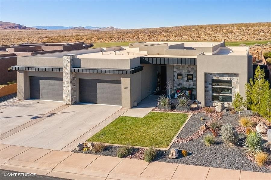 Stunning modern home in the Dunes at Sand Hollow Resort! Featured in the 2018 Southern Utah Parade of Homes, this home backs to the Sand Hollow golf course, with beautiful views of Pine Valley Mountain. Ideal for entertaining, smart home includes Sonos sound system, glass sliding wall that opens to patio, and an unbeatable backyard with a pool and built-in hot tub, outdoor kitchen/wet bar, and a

---

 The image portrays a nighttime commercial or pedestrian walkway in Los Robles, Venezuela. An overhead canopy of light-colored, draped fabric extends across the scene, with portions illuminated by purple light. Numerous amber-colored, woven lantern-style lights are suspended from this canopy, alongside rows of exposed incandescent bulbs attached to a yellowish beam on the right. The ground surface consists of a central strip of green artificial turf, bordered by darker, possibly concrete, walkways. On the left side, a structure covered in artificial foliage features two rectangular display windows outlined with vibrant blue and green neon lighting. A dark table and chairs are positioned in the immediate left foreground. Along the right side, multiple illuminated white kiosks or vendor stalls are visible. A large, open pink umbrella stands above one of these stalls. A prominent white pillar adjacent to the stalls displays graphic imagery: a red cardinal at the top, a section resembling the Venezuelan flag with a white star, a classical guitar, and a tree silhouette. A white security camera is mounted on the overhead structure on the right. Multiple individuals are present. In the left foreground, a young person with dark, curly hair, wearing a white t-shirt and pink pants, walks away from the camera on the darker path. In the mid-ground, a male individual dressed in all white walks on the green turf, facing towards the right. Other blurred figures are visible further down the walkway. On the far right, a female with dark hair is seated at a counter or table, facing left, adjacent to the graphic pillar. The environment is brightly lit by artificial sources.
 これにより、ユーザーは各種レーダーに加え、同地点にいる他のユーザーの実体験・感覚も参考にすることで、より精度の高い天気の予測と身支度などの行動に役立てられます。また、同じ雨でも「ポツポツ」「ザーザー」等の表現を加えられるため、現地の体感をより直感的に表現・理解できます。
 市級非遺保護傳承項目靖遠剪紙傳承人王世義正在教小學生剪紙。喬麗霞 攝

# Work item:
Output exactly the lines of the material above from the one containing "これにより、ユーザーは各種レ" up to and including the one containing "市級非遺保護傳承項目靖遠剪紙傳承人王世義正在教小學生剪紙。喬麗霞 攝".

# Response:
 これにより、ユーザーは各種レーダーに加え、同地点にいる他のユーザーの実体験・感覚も参考にすることで、より精度の高い天気の予測と身支度などの行動に役立てられます。また、同じ雨でも「ポツポツ」「ザーザー」等の表現を加えられるため、現地の体感をより直感的に表現・理解できます。
 市級非遺保護傳承項目靖遠剪紙傳承人王世義正在教小學生剪紙。喬麗霞 攝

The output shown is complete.